Q. How does RL training differ from SFT?
SFT teaches by imitation (copy good responses). RL rewards the model when its reasoning reaches a correct result, so it learns to think its way there rather than copy. Imitation: ‘respond like these’; RL: ‘reason to the right answer’.
Q. What are DeepSeek R1, Open R1, and GRPO?
DeepSeek R1 demonstrated reasoning-via-RL at scale. Open R1 is the Hugging Face community open reproduction. GRPO is the RL training method, available in TRL (the same library as SFTTrainer).
Q. How does the training pipeline extend with reasoning?
Pretrain (learn language) to SFT (follow instructions) to RL (learn to reason). The reasoning stage runs on top of an instruction-tuned model, via the same TRL ecosystem used for SFT.
Q. What does Open R1 show about the open ecosystem?
When a capability appears first in a closed frontier model, the open community often reproduces it in the open (public code, weights, data). The HF ecosystem is the open counterweight; reasoning is the newest capability entering it.
Q. Why is the applied loop model-agnostic?
Name the task and shape, pick/fine-tune a model, curate data, debug, ship, the same loop works on a 2018 BERT classifier and a 2025 reasoning model. Only the specific model and technique change.

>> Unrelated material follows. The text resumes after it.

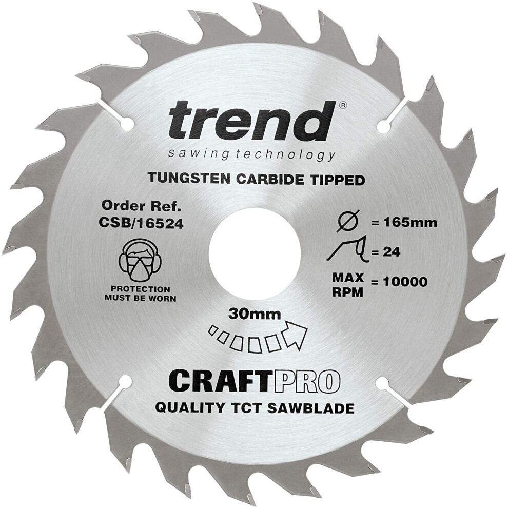 Trend CSB/16524 Craft Pro Trimming Crosscut TCT Blade Ideal for Einhell TE-CS165 Circular Saws, 165mm x 24 Teeth x 30mm Bore, Tungsten Carbide Tipped

Q. What is the track's most durable lesson?
The working method outlasts the frontier. Specific models and techniques go stale; choosing the right shape, using the ecosystem, curating data, evaluating honestly, debugging, and shipping do not.
Q. Name the ecosystem pieces this track covered.
Hub (models/datasets), transformers (run), datasets + tokenizers (feed), Trainer/TRL (train), PEFT/LoRA (affordably), Gradio/Spaces (ship), Argilla (curate data).
Q. What is the one-line through-line of the whole track?
Tokens in, tokens out, attention in the middle (lesson 1) still holds at the reasoning frontier; you can now use, adapt, curate for, ship, and reason about the whole open ecosystem.